Omran Sharaf, the project director of the Emirates Mars Mission (Adam Smith / The Independent)

But success will not be measured not by how close humans come to the stars; instead, it will be by the businesses that come to Dubai for this new push into space, and the young Arabs that are inspired to build businesses of their own.

“With the Venus mission, and the asteroid belt, the success will be the startups. How much of those startups are able to work [and] gain capacity in the private sector”, Mr Sharaf says. “We want the future Elon Musk for the UAE, we want a future Bill Gates, we want a future [Warren] Buffett.”

This is not only an attitude taken by the UAE. In the United Kingdom, which has not independently launched a satellite since 1971, the space industry has increased by 300 per cent since 2010 and generates an estimated £15 billion every year. The global small satellite market alone is worth approximately £400 billion, and the UK is aiming to take 10 per cent of that market by the end of the decade.

For the Emirates, there is a sense that space is the next logical continuation for a country where the native people were merchants and manufacturers, where the next horizon to sail towards is in a ship that travels upwards. Would the country take the same approach if it did not have an environment so similar to Mars, but instead was wet and cold? “I think our approach would be different because the priorities will be different, and when the priorities are different, the budgets are different”, Mr Sharaf said.

Behind any idealism of an interstellar future for humanity, though, remains the practicalities of the work necessary to create it. In theory, every person and startup on Earth has access to a breathable atmosphere, accessible water, nourishing food, and a global economy ready to support them. In reality, nearly 2.37 billion humans do not have access to adequate food, 2.2 billion people do not have safely managed drinking water services, and more than 700 million people — 10 per cent of the global population – live in poverty.

In the UAE specifically, the multi-billion-dollar Expo 2020 – which the country announced to attract global tourists and investors – has been criticised widespread labour exploitation and racial discrimination, something the country has struggled with for years.

“The way they treat the staff is like slaves, I mean modern day slavery,” one unnamed Indian worker told London-based human rights group Equidem.
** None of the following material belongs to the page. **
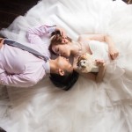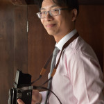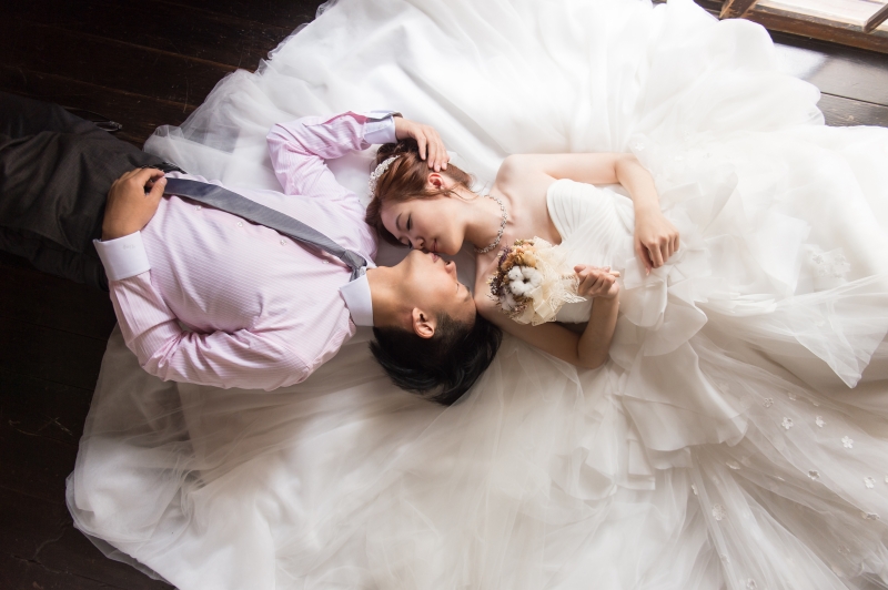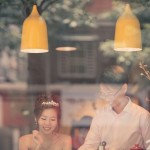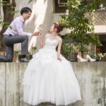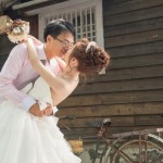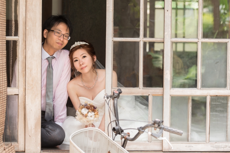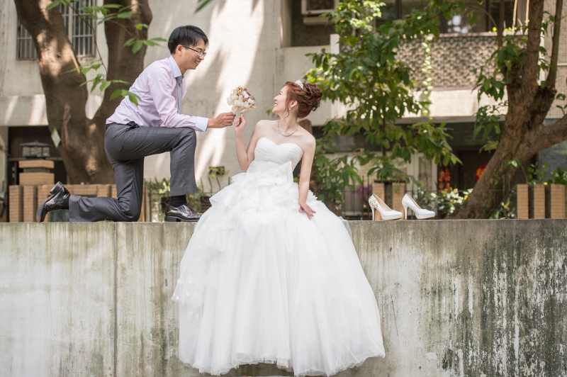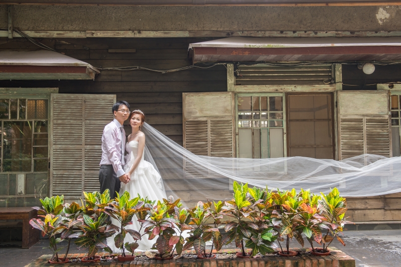 一開始溝通的時候,準新郎告訴我們他個人是偏好比較貼近生活感,呈現比較日常的幸福感,至於準新娘的話,她個人偏好傳統婚紗拍攝風格,夢幻、唯美,所以我們朝這個方向去規劃。由於準新郎覺得「青田七六」的感覺不錯,這裡就成了我們第一個拍攝的景點。道具的部分,由於準新郎自己也喜歡攝影,便帶了Nikon D80與F2,我也把自己的雙眼相機借給他當道具拍攝。

The government has denied such allegations.

Building one grand carnival like Expo 2020 is absurdly miniscule compared to the challenge of terraforming a whole other planet. “The sales pitch for going to Mars is that it’s going to be cramped, dangerous, difficult, very hard work and you might die,” Mr Musk has said. “That’s the sales pitch. I hope you like it.” For too many, however, this is still the sales pitch for living on Earth – and people have pushed back against what they see as joy-rides for the super-rich while everyday people still struggle to afford the basics.
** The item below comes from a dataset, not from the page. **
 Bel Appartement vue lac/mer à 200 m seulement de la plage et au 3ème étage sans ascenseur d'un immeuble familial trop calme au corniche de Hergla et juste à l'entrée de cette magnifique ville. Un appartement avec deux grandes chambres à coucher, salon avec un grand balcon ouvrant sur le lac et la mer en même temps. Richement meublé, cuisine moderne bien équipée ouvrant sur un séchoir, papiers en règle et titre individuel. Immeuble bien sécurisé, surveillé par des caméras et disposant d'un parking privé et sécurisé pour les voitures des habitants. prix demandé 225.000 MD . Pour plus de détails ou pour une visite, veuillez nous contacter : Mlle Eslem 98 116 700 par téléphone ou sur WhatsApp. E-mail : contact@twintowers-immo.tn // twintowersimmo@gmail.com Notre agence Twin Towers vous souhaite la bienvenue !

The counterargument is that a rising tide lifts all ships. “I read a very interesting article,” Mr Al Olama says, “that argues a middle class person anywhere on Earth today lives a better life than John D. Rockefeller lives in his prime … he would have died to have a watermelon in the winter.

“There are certain things you can enjoy today that to him was a dream. The future is always actually better off than the past. That divide is something that is a result of capitalism.”
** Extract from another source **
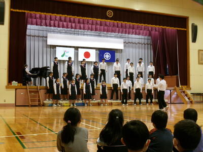 11月12日(水)に市内音楽会が行われ、5年1組が馬室小代表として出場しました。合唱「夢の世界を」と「Believe」を披露しました。子どもたちは、緊張した面持ちでしたが、きれいな歌声で練習の成果を発揮することができました。審査の先生からも「透明感のあるすてきな合唱でした!!」というお褒めの言葉をいただきました。子どもたちの表情からも、充実感と達成感が伝わりました。本当によくがんばりました!

Similarly, the first passenger airline was not started until 1914; now there are tens of millions of flights every year. Space travel, currently restricted to the rich and powerful, may also become more common in the same way if people wait long enough.

But they might be waiting a long time. Britain’s standard of living has had the worst fall since the 1950s, and the share of global wealth owned by billionaires’ has risen from one per cent to over three per cent since 1995. In the space industry, and a world with international collaboration, governments are still unable to solve global crisis like the space debris that risks keeping us trapped on the planet, and legislation for other plants could still fall into the same pitfalls of those on Earth. The thing about a rising tide is that you can only survive it if you have a ship – or a spaceship.